Depuis août 2002, après que mon gynéco m'ait annoncé non seulement l'abblation de mon
ovaire gauche, mais également de mon utérus, j'ai commencé à déprimer et depuis
je prends des anti-dépresseurs pour m'aider à surmonter ce passage, même si j'avais
réussi à me remonter le moral et commencé à faire le deuil de la maternité. Je sais
désormais qu'il y a des cas plus grave que moi.

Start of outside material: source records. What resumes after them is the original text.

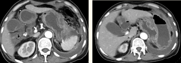 一籌莫展的她終于在病友的介紹下,來到西安國際醫(yī)學中心醫(yī)院找到蔡磊主任。經(jīng)過詢問病史,查體等,蔡磊主任建議口服索坦治療。3個月后,李阿姨復查CT提示胃間質(zhì)瘤較前明顯縮小,大小約10.4cm?6cm。但仍存在消化道出血,營養(yǎng)狀況差,全身無力,骨髓抑制。蔡磊主任隨即將患者收治入院。
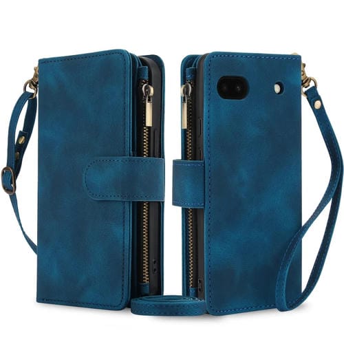 Funda de Cuero Rfid con Cremallera para Google Pixel 6 Dream con 9 Tarjetas y Cordón (Azul)
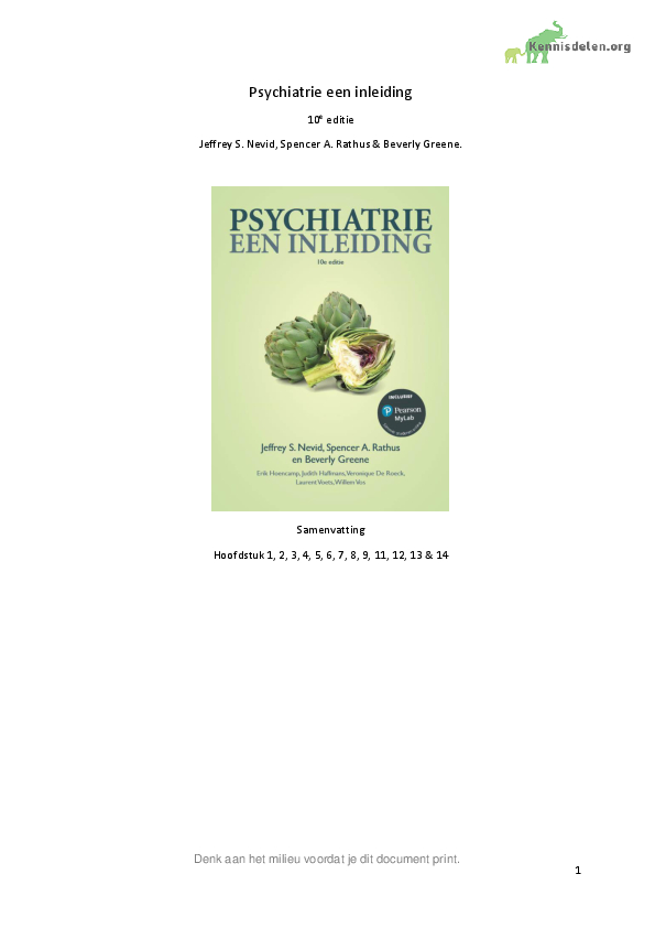 Samenvatting Psychopathologie Psychiatrie een inleiding 10e editie
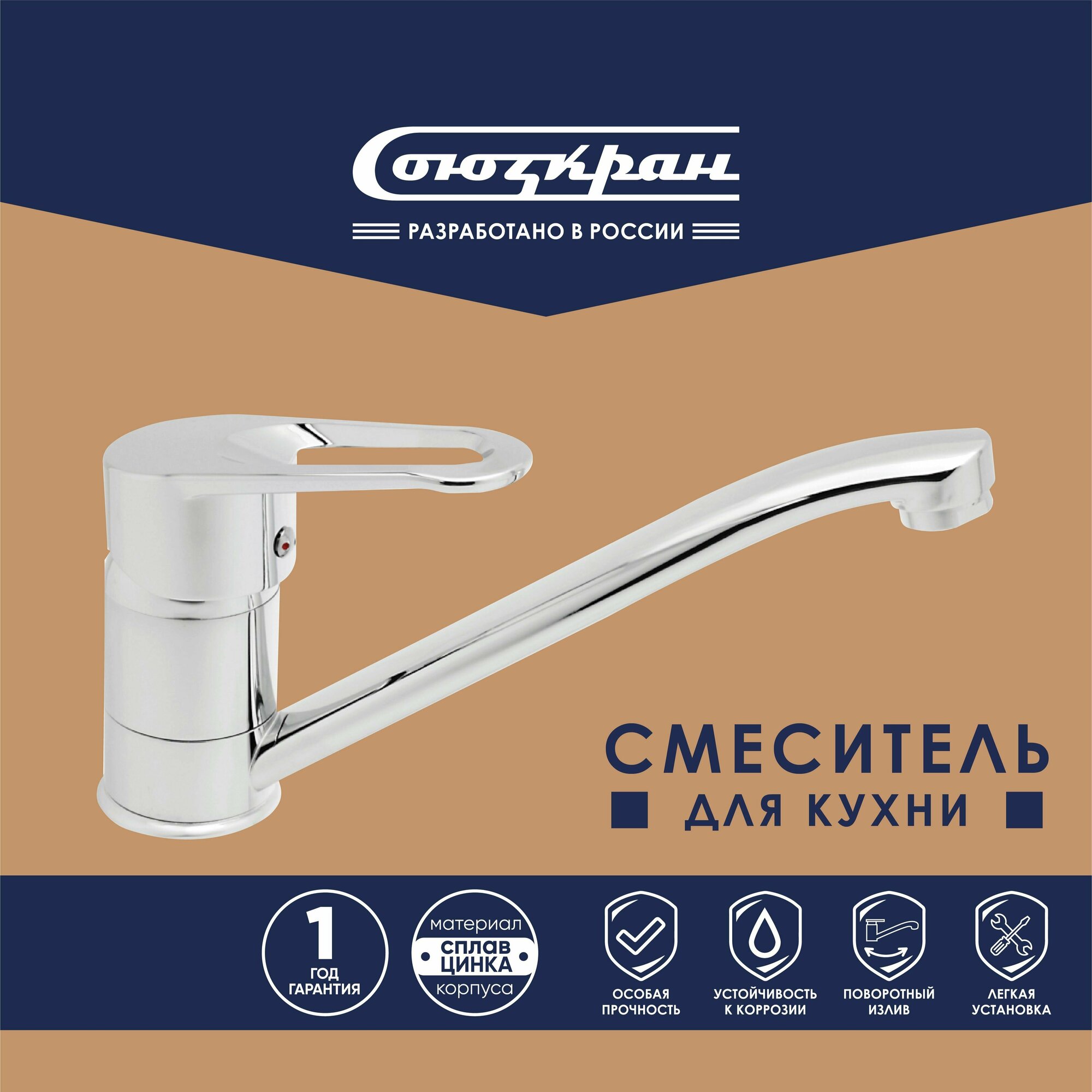 СоюзКран Смеситель для кухни, поворотный излив 25см, керам. кран-буксы 1/2, хром, цинк, SK01-G208
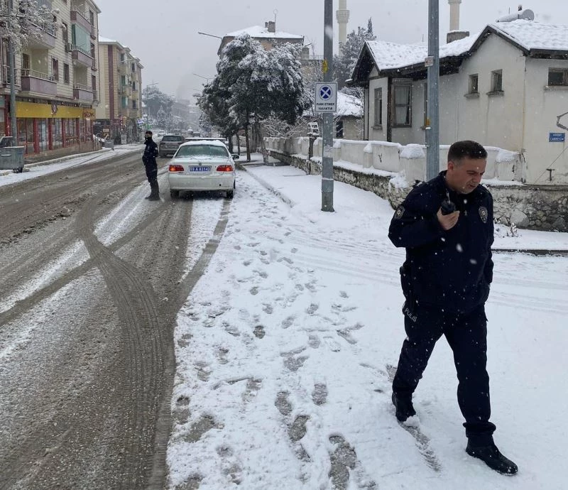 Yapılan açıklamada; ’’İlçemizde akşam saatlerinde başlayan kar yağışı etkisini sürdürüyor. İlçe Emniyet Amirliği ekipleri kış tedbirleri kapsamına yollarda gerekli güvenlik tedbirlerini alırken, belediye ekiplerimiz kar temizleme ve tuzlama çalışması yaptı’’ denildi.
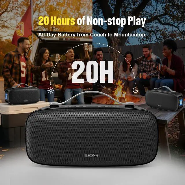 Go: This portable bluetooth speaker keeps the music playing all day longup to 20 hours of sound on a single charge. It even has a built-in power bank to recharge your phone, so you stay connected and never miss a beat. ^^ Double the Sound, Light Up the
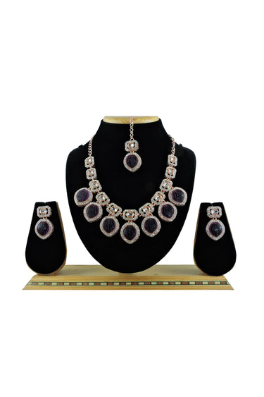 Alloy Material Purple Stone Necklace Set With Earrings
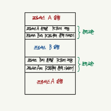 하나의 프로세스 수행을 재개하기 위해 기억해야할 정보를 문맥이라고 한다. 그리고 하나의 프로세스 문맥은 해당 프로세스의 PCB에 표현되어있다.
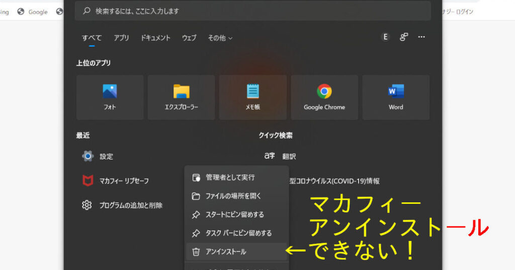 - アンインストールをクリックする。マカフィーを選択後、「アンインストール」ボタンをクリックします。

En ce moment, je ne souffre plus de douleurs et en ce début de nouvelle année, je
sais que je vais me faire opérer pour la troisième et dernière fois. J'appréhende pas
mal, mais j'avoue que je n'ai plus trop la force de me battre contre cette maladie. Car
j'ai peur de son évolution et de souffrir encore le martyr. Je ne veux plus avoir mal
comme j'ai eu mal en juillet et en août 1998. Quand j'ai lu certains témoignages qui
racontaient leurs souffrances pendant tant d'années, ça m'abat. Une femme n'a pas le droit
de souffrir de son propre corps, surtout quand il s'agit d'un mal qui "ronge" ce qui
peut faire d'elle une mère.
Moi, je me laisse en quelque sorte "abattre" en passant par cette ultime opération, mais
les femmes et jeunes filles qui peuvent continuer à se battre contre cette maladie,
je vous incite à continuer et suis de tout coeur avec vous toutes. Merci à votre
association d'exister et j'espère sincèrement que l'endométriose finira par se
faire connaître davantage. Merci de m'avoir lue.